Он  поставил  на  стол  электрочайник. Поднос. Банку  эспрессо. Коробку  рафинада. Она  сыпанула  две  ложки, залила  кипятком.  Коньяк,  проглоченный  полчаса  назад,  ожил  от  горячего, ударил  в  голову.

- Вы  и  есть  бюро?
-  Я  и  есть  бюро. Есть, правда, приходящие  подмастерья, студенты. Живу  я  в  Москве в  двух  местах. А  здесь  только  работаю. Иногда  привожу  девушек

Айфон  в  его  кармане  подал  сигнал  SOS

- Пардон, мадам …

-Да, Юлечка, - он  снова  сел  в  кресло  и  закинул  ногу  на  ногу. – Да, малыш. Сдал  заказ, сегодня  утром  закончил. Теперь  можем  это  отметить   где-нибудь.  Нет, только  не  туда, из  всех  клубов  это  самый  гадкий. Да  нет, я  вполне  готов. И  побрился, и  ванну  принял, осталось  только  выбрать  костюм  и  просраться.  Нет, какие  шутки? Я   недавно  сразу  две  капсулы  слабительного  принял, пять дней  стула  не  было, голова  тяжелая,  язык  весь  обложен. Сейчас  вот  сижу  и  с  нетерпением  жду  первых  результатов. Когда  подействует? Не  раньше  шести, вот ты  к  семи и  подъезжай. Если  ты, конечно, меня  ещё  продолжаешь  любить. Да, я  тоже  какаю. Иногда … Что – ещё больше? Ещё  больше  любишь? Да, я  ещё  хотел  узнать – моя  трубочка  не  у  тебя? Не-ет, малыш, совсем  другая  трубочка – медная, с  головою  льва.  И  на  фиг ты  её  свистнула? На  память? Малыш, мы  же  собрались  не  расставаться. Ладно, можешь  оставить, у  меня  их  ещё  очень много. Ну  все, малыш. Мне  сейчас  от  самого  себя  очень  противно. Но  к  твоему  приезду  буду, надеюсь, чистым  как  стеклышко. Там  же  и  припаркуешься …Может, успеем  и  йобнуться – если  чувствовать   себя  буду  хорошо, после  двух  капсул. Мне  уже  сейчас … неважно. А  скоро  будет, я  чувствую, совсем  плохо. Нет, не  потом. Я  уже  сейчас  тебя  хочу … Очень  сильно.
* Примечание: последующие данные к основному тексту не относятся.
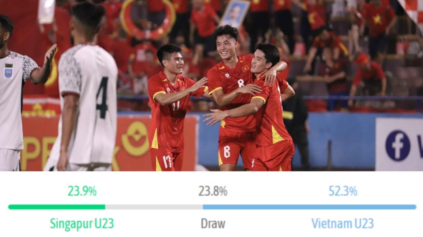 Điều này đã được chuyên trang thống kê Besoccer xác nhận. Cụ thể, Besoccer dự đoán rằng U23 Việt Nam sẽ có tới 52,3% cơ hội giành chiến thắng, nhiều hơn gấp đôi so với U23 Singapore (23,9%). Trong khi đó, chỉ có 23,8% trong việc hai đội sẽ kết thúc trận đấu với tỷ số hòa.

Очень … Очень  жаль, что  нельзя  тебя  йобнуть  сейчас  прямо  в  телефон. Слушай, давай  сегодня  никуда  не  пойдем, ты  просто  останешься  со  мной. Я  очень  устал, если  честно. И  хочу  спать. Ты  сядешь, а  я  лягу  головой  на  твои  колени. ****ь, почему  я  не  могу  сделать  это  прямо  теперь?! Извини.   Тебе  нравится, когда  я  ругаюсь? Знаешь, всем  почему-то  нравится.  Да, я  тебя  тоже. Очень  сильно. Ещё  сильней. Потому  что  ты  красивая. Очень. Я, правда, не  очень  красивый. Зато  я  гений. Жаль, что  нельзя  все  сразу. Ой … Погоди, по-моему  уже … Слу-ушай, а  может  я  зря  это  сделал? Мне  только  теперь  пришло  это  в  голову. Я  же, когда  работаю, жрать  не  могу, физически. Так – глушу   кофе, пью  молоко ... или  сок. Ну, да, потому  я  и  худой. Бля-адь. Знаешь  что, не  зли  меня, приезжай  поскорее. Я  не  могу  без  тебя  обойтись. Кстати,  на  лестнице  темно,  ты  мне  посигналь, я  тебя  встречу  у  подъезда. Ну, чао, малыш …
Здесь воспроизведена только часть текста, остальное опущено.